隠し子が発覚したら『氷の宝石商』の独占欲に火がつきました~5年越しの執念で見つけ出され、逃げ場のない溺愛で囲い込まれています~

「いやぁ、これはすごい」
「なんて輝きでしょう」
「一生に一度、お目にかかれるかどうかのサファイアだな」


 御堂ジュエリーの特設展示ブースは、押し寄せる来場者とバイヤーたちで隙間もないほどの盛況ぶりを見せていた。

 四方から覗き込めるガラスケースの中央に据えられた青い宝石を一目見ようと、人々は感嘆の声を漏らし、熱い視線を注いでいる。

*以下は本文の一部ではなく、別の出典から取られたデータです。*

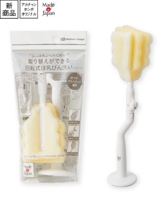 本商品は、サイズアップしたほ乳びんでもすみずみまでムラなく洗浄でき、届きにくい部分の汚れも効果的に落とすことができる、回転式のスポンジブラシです。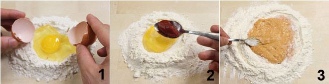Um die roten Ravioli mit Tomate zuzubereiten, legen Sie das Mehl auf ein Backbrett in Form eines Brunnens und geben Sie die Eier 1 und das Tomatenmark 2 in die Mitte. Mischen Sie mit einer Gabel, indem Sie das Mehl nach und nach einarbeiten 3.

「これほどの石を……うん、やはり御堂の目利きと技術は確かだな」
「あなた、私もサファイアが欲しくなったわ」


 周囲から聞こえてくる評価はどれも極めて高い。
 これまでに囁かれていた、根拠のない悪評を覆すには十分すぎるものだった。

 磨き抜かれたサファイアそのものが、傷つきかけていた御堂の信頼を急速に回復させていくのが肌で感じられる。



 あのサファイアは、輝のポケットの奥に隠されていた。

 出発の直前、大人たちが準備のため目を離した一瞬の隙を突き、輝がケースから取り出し、自分のハンカチに包んでしまい込んでいたらしい。


 『大事なものは、一番近くに』


 祖父が山梨で、そう教えたという。

 つまり、あのフルフェイスの強盗たちと蒼乃は、中身が空っぽのケースを命がけで奪い合っていたことになる。

 とんでもない悪戯に心臓が止まる思いだったが、今回ばかりは、その子供ならではの無邪気な機転が最悪の事態を防いだのだと、昂輝も蒼乃も感謝するしかなかった。




「あら、あなた。よく恥ずかしげもなく顔を出せたわね」


 背後から、冷ややかな、しかし妙に耳に触る声が聞こえた。

 振り返ると、豪奢なドレスを纏った七井晶子が、軽蔑を隠そうともしない笑みを浮かべて近づいてくる。

 その視線は、昂輝の傍らに立つ蒼乃へと向けられた。